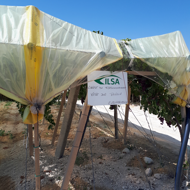 Su vite da tavola varietà Red Globe, sono stati constatati il carico produttivo medio di 35-40 kg/pianta, il calibro medio degli acini di 22 mm e, soprattutto, la colorazione raggiunta in maniera uniforme su tutto il tendone, già a metà settembre. Quest’ultimo aspetto ha suscitato particolare entusiasmo nei partecipanti, che hanno così accertato gli effetti positivi dei concimi proteici e biostimolanti vegetali di produzione esclusiva ILSA.
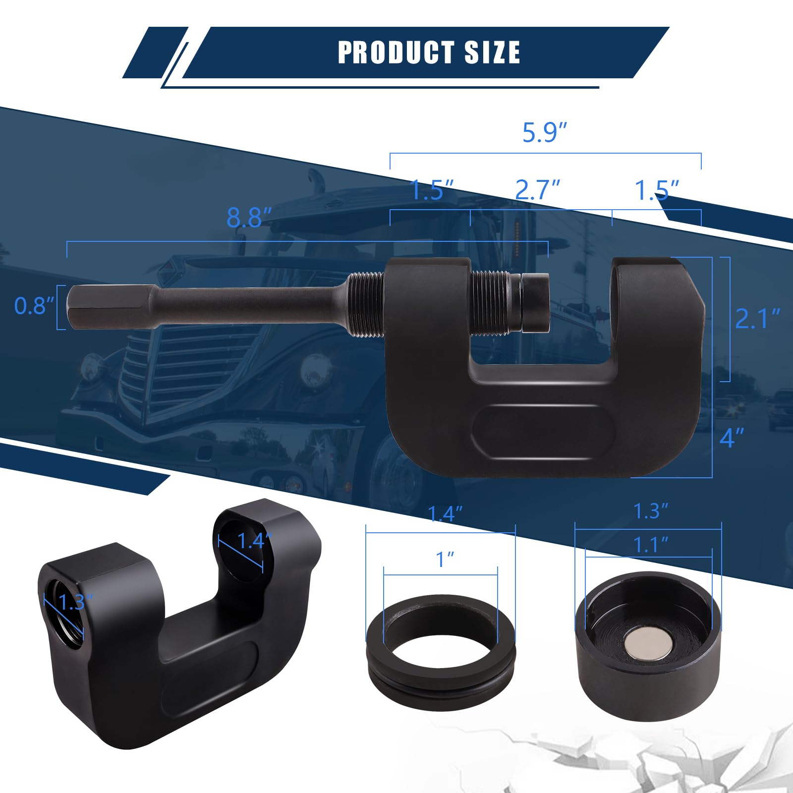 - Simple operation with standard tools: Features a standard 7/8-inch hex drive interface compatible with common impact wrenches or torque tools, and includes a bushing removal adapter, enabling safe operation by a single person.
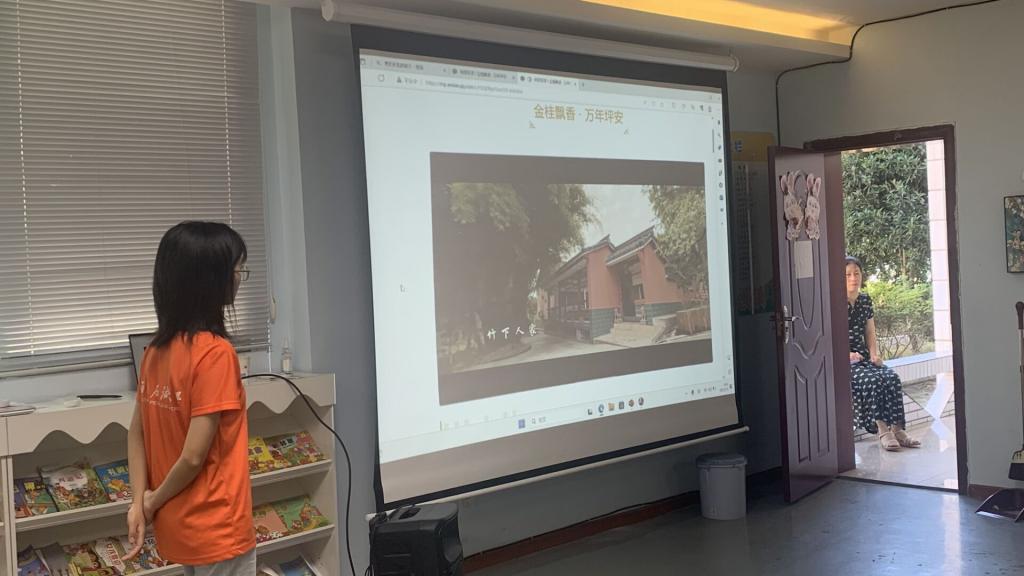 巍巍高山,涛涛绿水,蜀地风光独领风骚;雍容睡佛,馥郁桂香,小镇轸溪风景独好。为开拓留守儿童视野,引导其了解蜀地文化、走出大山,帮助留守儿童树立认识家乡、建设家乡的意识,2023年7月5日,西南石油大学义旅阳光实践队在乐山市沙湾区轸溪镇的“悦读书屋”中,为乡村留守儿童上了一堂以“览蜀地风光,护绿美轸溪”为主题的文化教育公益课。
========
→ Work to be completed
Write out exactly, and only, the lines running from the line with "- Simple operation" to the last line above, both included, with all pictures omitted.

→ Solution to the problem
 - Simple operation with standard tools: Features a standard 7/8-inch hex drive interface compatible with common impact wrenches or torque tools, and includes a bushing removal adapter, enabling safe operation by a single person.
 巍巍高山,涛涛绿水,蜀地风光独领风骚;雍容睡佛,馥郁桂香,小镇轸溪风景独好。为开拓留守儿童视野,引导其了解蜀地文化、走出大山,帮助留守儿童树立认识家乡、建设家乡的意识,2023年7月5日,西南石油大学义旅阳光实践队在乐山市沙湾区轸溪镇的“悦读书屋”中,为乡村留守儿童上了一堂以“览蜀地风光,护绿美轸溪”为主题的文化教育公益课。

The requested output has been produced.